Real and imaginary modulation spectral subtraction for speech enhancement

  • Authors:
  • Yi Zhang;Yunxin Zhao

  • Affiliations:
  • Department of Computer Science, University of Missouri-Columbia, Columbia, MO 65211, USA;Department of Computer Science, University of Missouri-Columbia, Columbia, MO 65211, USA

  • Venue:
  • Speech Communication
  • Year:
  • 2013

Quantified Score

Hi-index 0.00

Visualization

Abstract

In this paper, we propose a novel spectral subtraction method for noisy speech enhancement. Instead of taking the conventional approach of carrying out subtraction on the magnitude spectrum in the acoustic frequency domain, we propose to perform subtraction on the real and imaginary spectra separately in the modulation frequency domain, where the method is referred to as MRISS. By doing so, we are able to enhance magnitude as well as phase through spectral subtraction.
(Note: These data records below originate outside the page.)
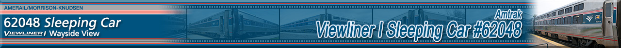 Built by Amerail in December 1996 as a single-level sleeping car originally named "Wayside View" and numbered 62048. As seen in the above photo, in Phase VI paint, there is no name on the car any longer, being replaced simply with the word "Viewliner" and its car number. Historical information about this car provided by www.amtrakbythenumbers.com. |
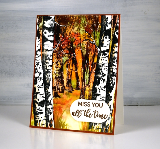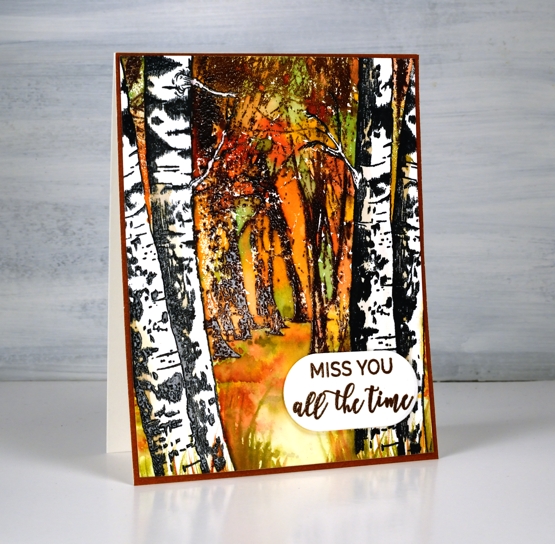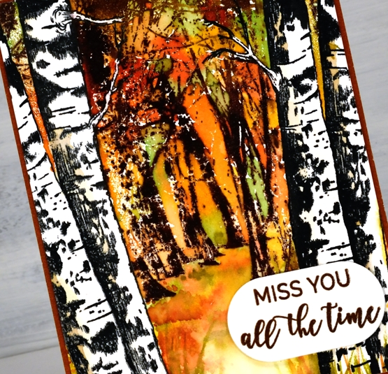 With all the trees embossed I started painting dabs of autumn toned inks around the trees and on the forest floor. The inks are listed below. Once I had the look of autumn leaves around the branches and scattered on the ground I used a white gel pen to draw back in the little birch branches I had accidentally painted over.
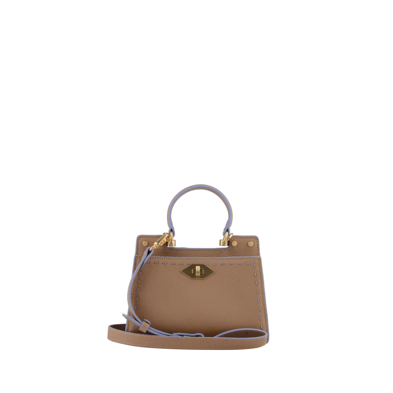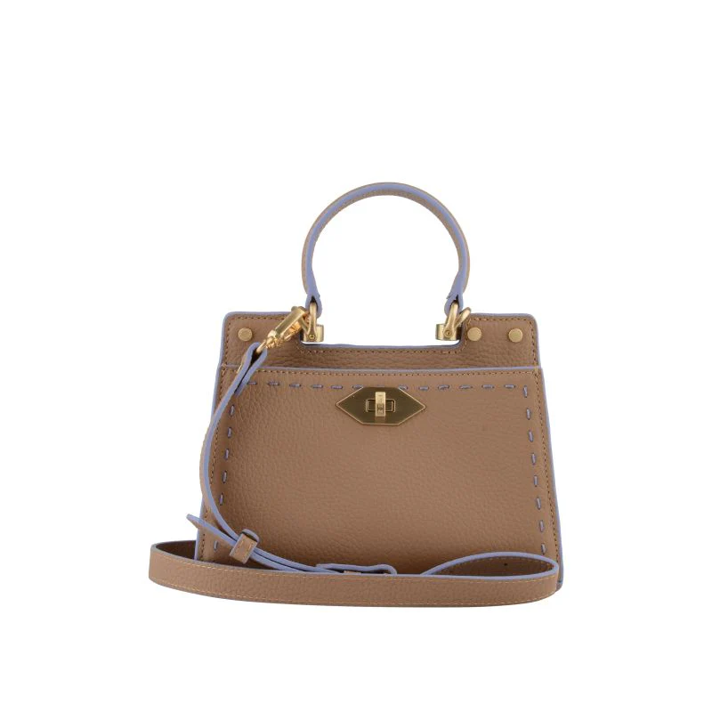 Fabriqué en cuir de vachette, le Trianon Bicolore présente une texture légèrement grainée qui lui confère une sensation de luxe. Les coutures en lilas, visibles sur les bords, soulignent le design bicolore et ajoutent une touche de modernité.
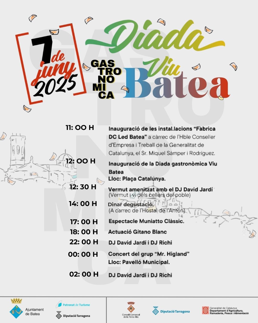 El pròxim dissabte 7 de juny, Batea acollirà la Diada Gastronòmica "Viu Batea", una jornada plena d'activitats culturals, musicals i, sobretot, culinàries. La festa començarà a les 11:00 h amb la inauguració de la fàbrica DC Led Batea i continuarà amb un vermut musical i un dinar degustació. A la tarda i nit, el públic podrà gaudir d'espectacles i actuacions de Gitano Blanc, el grup Mr. Higland i sessions de DJ David Jardí i DJ Richi fins a altes hores de la matinada. L'esdeveniment tindrà lloc principalment a la Plaça Catalunya i al Pavelló Municipal.
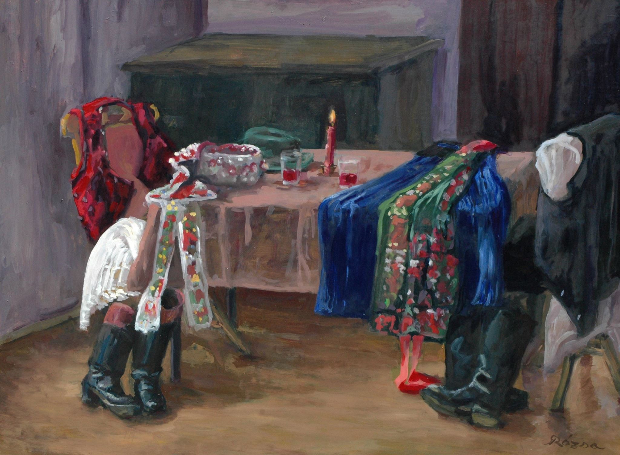 • Lucrări gândite, compuse, precum costumele din Țara Călatei, sau compoziția „Împărțirea pâinii”. Aceste picturi necesită mai mult timp, sunt realizate cu ocazia mai multor sesiuni. Aceste picturi sunt menite să radieze seriozitate.

We conducted objective and subjective evaluation experiments to compare the performance of the proposed MRISS method with three existing methods, including modulation frequency domain magnitude spectral subtraction (MSS), nonlinear spectral subtraction (NSS), and minimum mean square error estimation (MMSE). The objective evaluation used the criteria of segmental signal-to-noise ratio (Segmental SNR), PESQ, and average Itakura-Saito spectral distance (ISD). The subjective evaluation used a mean preference score with 14 participants. Both objective and subjective evaluation results have demonstrated that the proposed method outperformed the three existing speech enhancement methods. A further analysis has shown that the winning performance of the proposed MRISS method comes from improvements in the recovery of both acoustic magnitude and phase spectrum.